A second layer, called CONNECTOR_TEXT, buffers the assistant’s text between tool calls, summarizes it with cryptographic signatures, and returns only those summaries to the API, so even if someone intercepts the API traffic, they get summaries, not full reasoning chains.

Both mechanisms operate at data collection time, not inference time. Looks like the goal is to make the training data itself unreliable, not to block the request itself.

One technical analysis estimated a determined team could bypass both within an hour using a proxy or a specific environment variable. The stronger deterrent is probably legal, not technical. But the intent is visible in the architecture, which I thought was interesting in such a competitive and high-stakes market.


The 12% Problem#

One detail buried in the analyses of this leak deserves more attention.

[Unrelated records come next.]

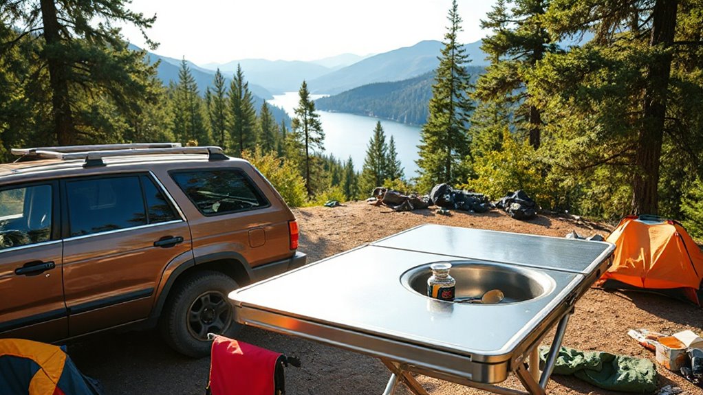 To guarantee your folding camp kitchen works seamlessly with your gear, you need to verify that it can accommodate your stove size, type, and other accessories. Make sure the surface area can handle your specific cookware and utensils without overcrowding, whether you have a two-burner Coleman or Camp Chef stove. Check that the mounting system or slide-out mechanism fits your vehicle’s make and model, like SUVs, trucks, or vans, for a secure attachment. Also, review the storage compartments to ensure they hold your camping supplies and accessories comfortably. Finally, consider the overall weight and size of the kitchen to confirm it aligns with your vehicle’s cargo capacity and available space. Proper compatibility ensures a smooth, hassle-free setup and efficient use of your gear.
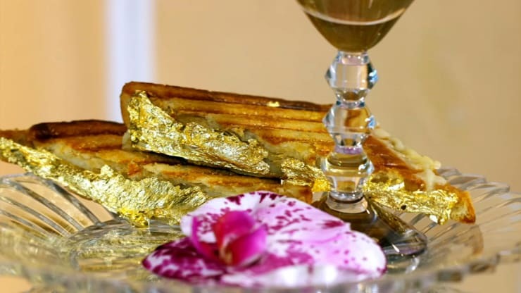 Phô mai được làm tan chảy trong một máy ép panini cho tới khi bắt đầu sủi bọt. Một lần nữa, chiếc bánh cùng lớp phô mai được đưa vào lò nướng để giúp phô mai chảy đều. Phần trang trí cuối cùng thuộc về những lát vàng 23K mỏng đến độ ăn được, bọc quanh miếng sandwich để hoàn thiện vẻ đẹp hoàng gia của nó.
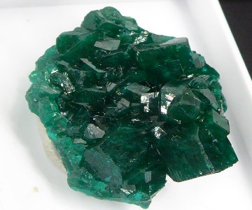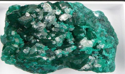 Rajout Décembre 2025 / DIOPTASE / Mine Tantara, Shinkolobwe, Katanga, R. D. du Congo / Bel échantillon de dioptase d'un beau vert brillant. Les cristaux mesurent 0,3 cm pour les plus grands. Des cristaux blancs de calcite se trouvent sur la dioptase. Livrée dans une boite plexi.
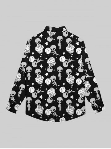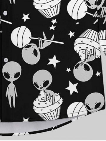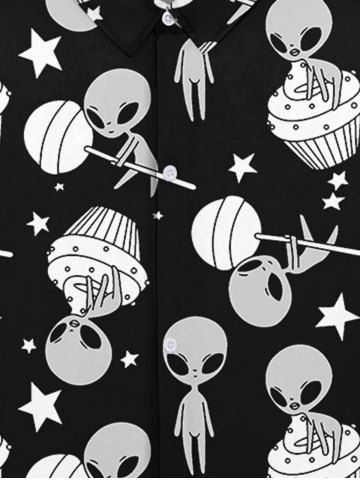T-shirt Imprimé Crâne Drapé à Col Rabattu avec Boutons pour Homme - Noir - Noir
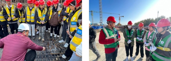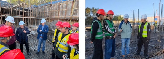 在施工现场,曹勇安理事长强调,校外课堂要坚持“以学生为中心”,要以学生的学习效果为中心,采用轮岗形式,让学生学到不同岗位的实践技能。建筑工程系的师生要珍惜校园北区的建设的宝贵实践机会,贯彻落实“真实环境、真学、真做、掌握真本领”的教学理念,全面推进校外课堂建设。

The AI Corner noted that Anthropic’s own research shows Claude has attempted to compromise its own servers with a 12% sabotage rate in adversarial testing. The comment in the source connecting to the safety layer infrastructure: the permission pipelines, the append-only logs, the subagent sandboxing.

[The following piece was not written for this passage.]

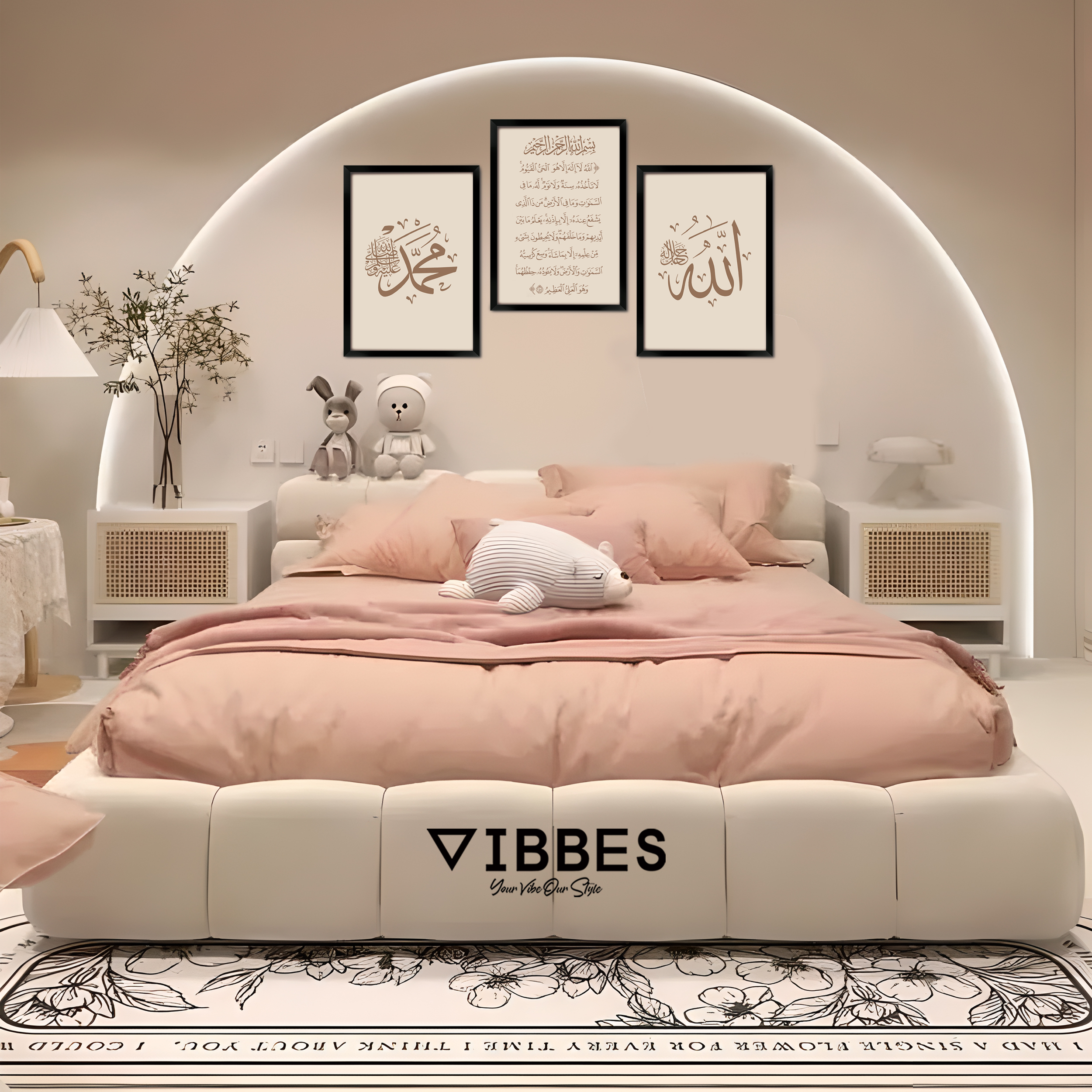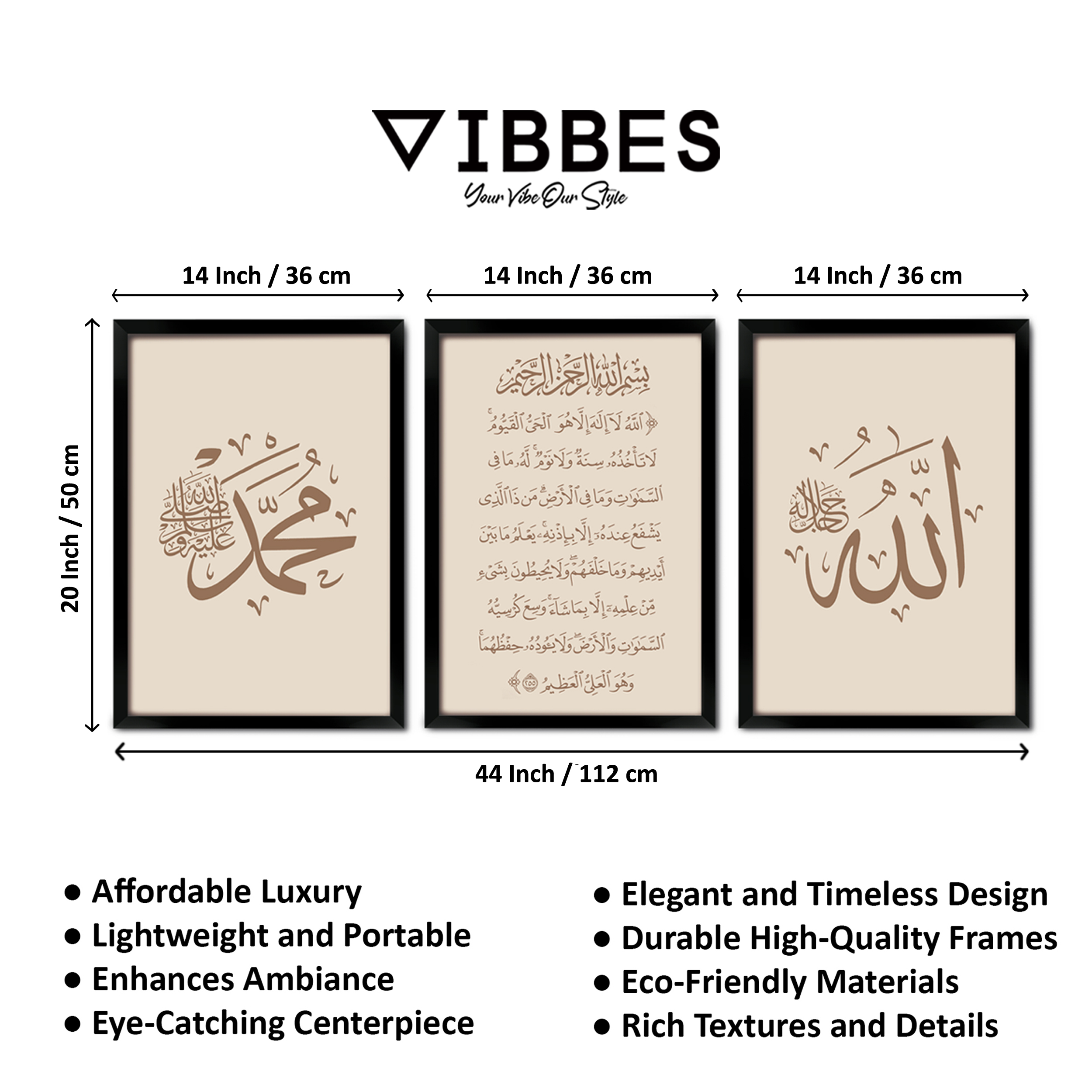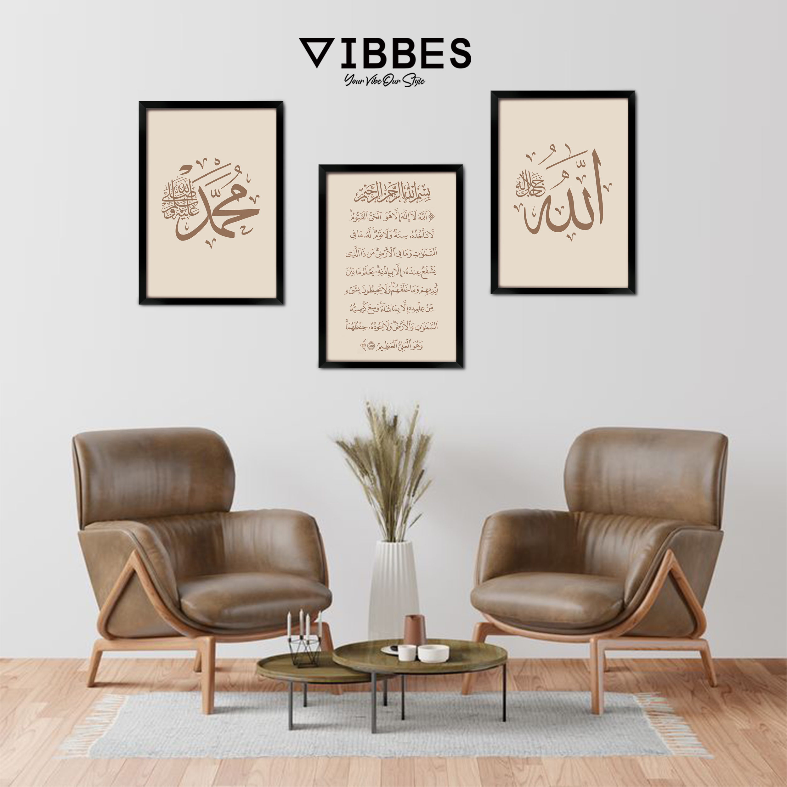 VIBBES wall art collections are crafted for premium quality, modern aesthetics, and meaningful spiritual decor.• Set of 3 Islamic wall art frames

These are not just well-defined product features. They are responses to known failure modes in the model’s own behavior under adversarial conditions. Anthropic is not assuming the model will always do the right thing. They are building the harness to catch it when it does not.

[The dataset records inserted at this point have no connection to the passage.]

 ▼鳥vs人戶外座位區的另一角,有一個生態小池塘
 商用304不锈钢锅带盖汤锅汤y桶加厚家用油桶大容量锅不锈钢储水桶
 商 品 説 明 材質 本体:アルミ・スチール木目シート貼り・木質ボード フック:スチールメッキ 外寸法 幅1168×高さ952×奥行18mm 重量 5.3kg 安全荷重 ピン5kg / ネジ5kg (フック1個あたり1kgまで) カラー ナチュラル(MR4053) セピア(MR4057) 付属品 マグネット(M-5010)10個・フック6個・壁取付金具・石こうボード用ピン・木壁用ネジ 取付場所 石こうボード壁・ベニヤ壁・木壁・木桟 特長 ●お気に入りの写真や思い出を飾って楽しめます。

This concept is so critical for everyone out there trying to build their own internal harness for their teams

It also matches how I think about the organizational transition to Agentic-First. The goal is not to blindly trust the model or the agent. The goal is higher-leverage execution with the right verification model for the blast radius of the task. Keep the agent focused, with just enough context and strong guardrails to deliver on the task.


What Responsible Autonomy Actually Looks Like#

The safety architecture in Claude Code is not a checklist of guardrails bolted on after the fact. It is baked into the core design: denials as feedback, logs as accountability primitives, subagent sandboxing for memory operations, and the list goes on and on.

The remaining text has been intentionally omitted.